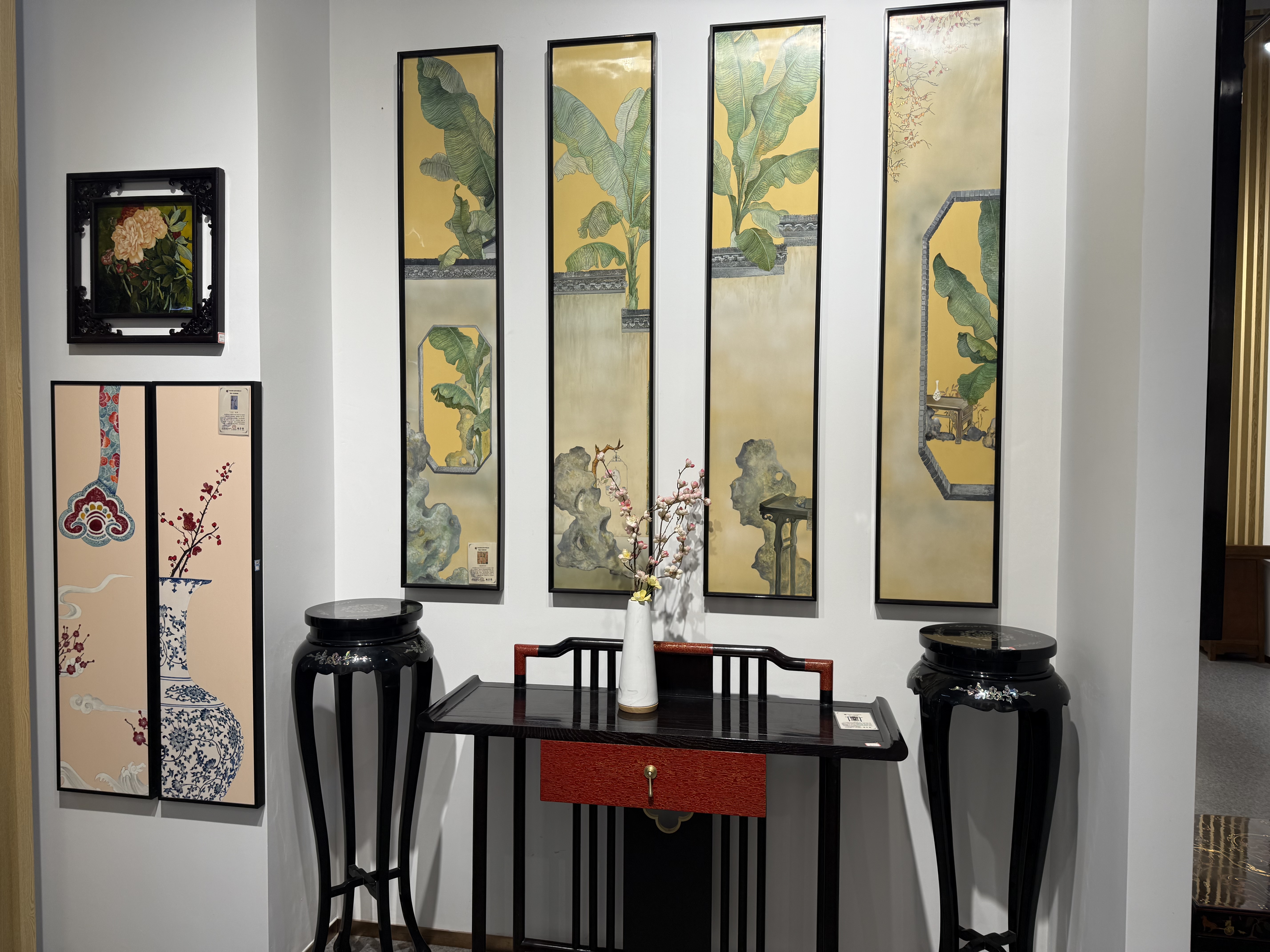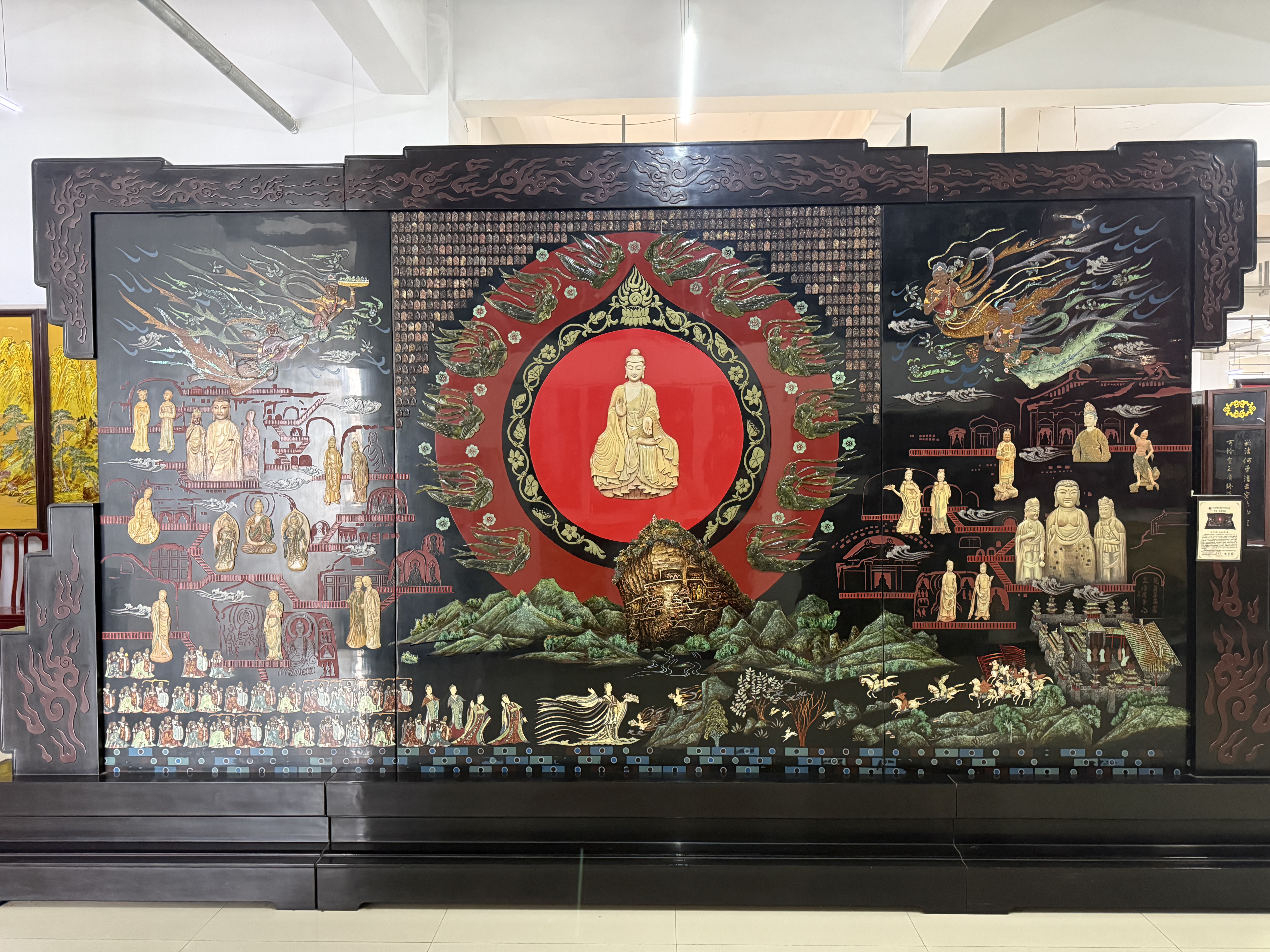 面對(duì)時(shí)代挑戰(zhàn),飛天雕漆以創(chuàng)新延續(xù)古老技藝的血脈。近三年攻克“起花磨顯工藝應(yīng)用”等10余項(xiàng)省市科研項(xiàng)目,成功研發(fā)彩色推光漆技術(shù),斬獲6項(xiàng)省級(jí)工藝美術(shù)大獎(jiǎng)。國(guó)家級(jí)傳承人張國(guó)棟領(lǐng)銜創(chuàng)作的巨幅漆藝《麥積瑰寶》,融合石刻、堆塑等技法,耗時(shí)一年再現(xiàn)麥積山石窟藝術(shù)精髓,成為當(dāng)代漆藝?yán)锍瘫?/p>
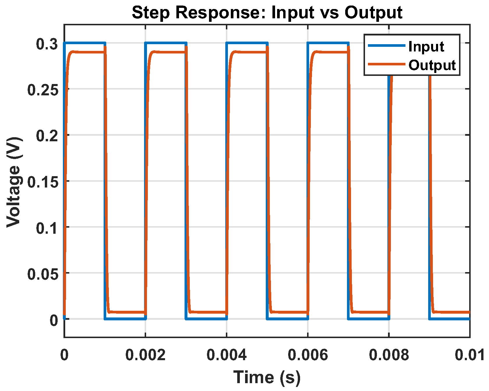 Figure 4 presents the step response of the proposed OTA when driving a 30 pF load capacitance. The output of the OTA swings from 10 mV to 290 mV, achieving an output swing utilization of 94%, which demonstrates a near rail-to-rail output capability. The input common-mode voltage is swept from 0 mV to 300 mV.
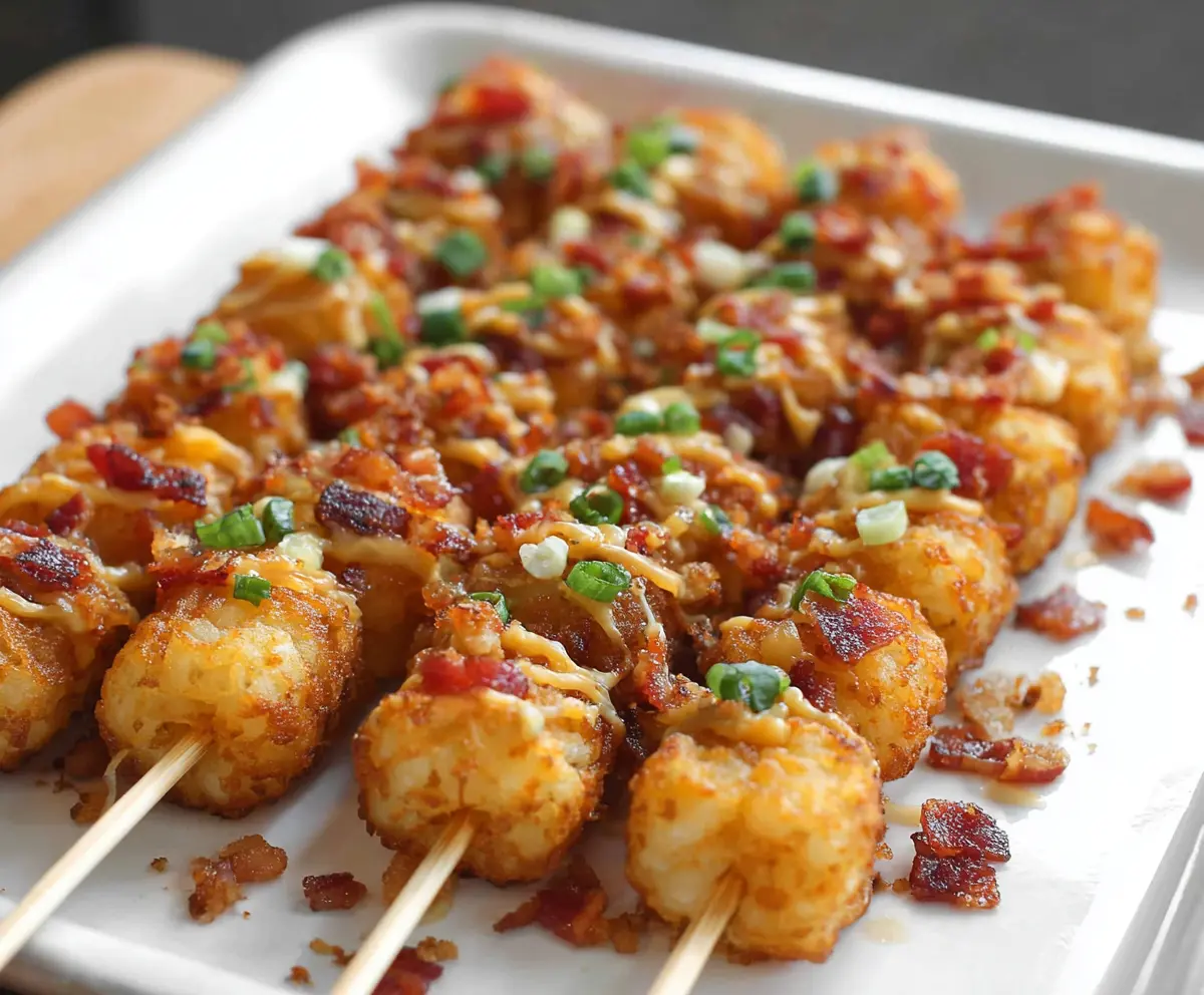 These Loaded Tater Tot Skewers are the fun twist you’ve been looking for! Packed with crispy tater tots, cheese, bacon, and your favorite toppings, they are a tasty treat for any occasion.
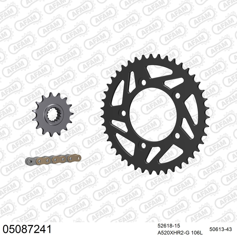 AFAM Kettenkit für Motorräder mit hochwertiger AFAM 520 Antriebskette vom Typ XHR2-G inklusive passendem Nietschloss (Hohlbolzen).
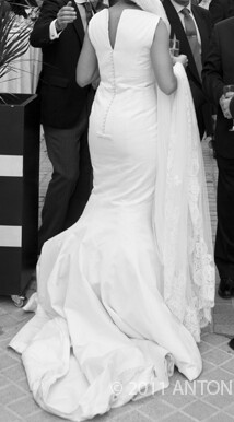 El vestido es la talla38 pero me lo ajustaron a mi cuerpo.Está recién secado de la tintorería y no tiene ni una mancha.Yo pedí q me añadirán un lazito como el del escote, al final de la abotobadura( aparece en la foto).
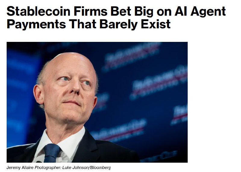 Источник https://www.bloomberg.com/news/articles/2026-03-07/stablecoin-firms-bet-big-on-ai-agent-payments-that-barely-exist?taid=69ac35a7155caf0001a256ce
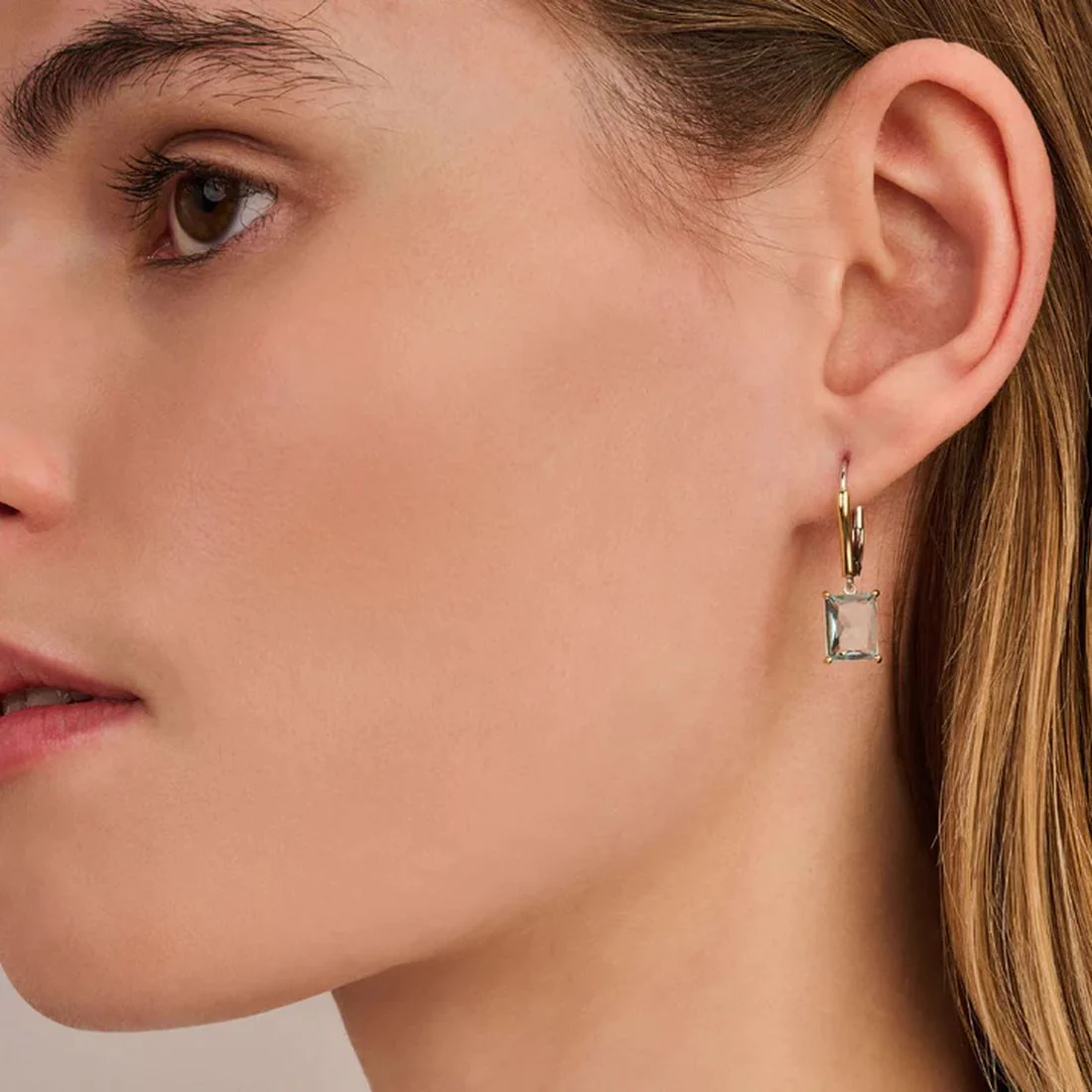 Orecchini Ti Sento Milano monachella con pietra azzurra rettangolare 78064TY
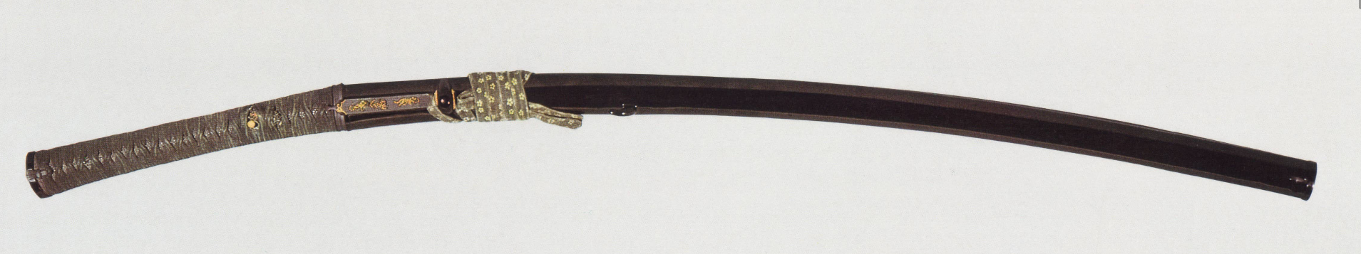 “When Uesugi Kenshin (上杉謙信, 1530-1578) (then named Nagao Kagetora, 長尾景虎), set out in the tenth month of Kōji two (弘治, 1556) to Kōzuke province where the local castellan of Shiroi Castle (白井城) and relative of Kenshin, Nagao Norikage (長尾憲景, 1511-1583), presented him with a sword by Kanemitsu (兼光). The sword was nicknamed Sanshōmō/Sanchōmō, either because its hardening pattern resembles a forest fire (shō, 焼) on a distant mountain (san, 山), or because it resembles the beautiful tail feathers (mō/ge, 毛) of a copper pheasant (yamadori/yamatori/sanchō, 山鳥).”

=-=-=

--- EXERCISE DIRECTIONS ---
Write out exactly, and only, the lines from the line holding "Orecchini Ti Sento" through the end of the data, inclusive, without any pictures.

--- ANSWER ---
 Orecchini Ti Sento Milano monachella con pietra azzurra rettangolare 78064TY
 “When Uesugi Kenshin (上杉謙信, 1530-1578) (then named Nagao Kagetora, 長尾景虎), set out in the tenth month of Kōji two (弘治, 1556) to Kōzuke province where the local castellan of Shiroi Castle (白井城) and relative of Kenshin, Nagao Norikage (長尾憲景, 1511-1583), presented him with a sword by Kanemitsu (兼光). The sword was nicknamed Sanshōmō/Sanchōmō, either because its hardening pattern resembles a forest fire (shō, 焼) on a distant mountain (san, 山), or because it resembles the beautiful tail feathers (mō/ge, 毛) of a copper pheasant (yamadori/yamatori/sanchō, 山鳥).”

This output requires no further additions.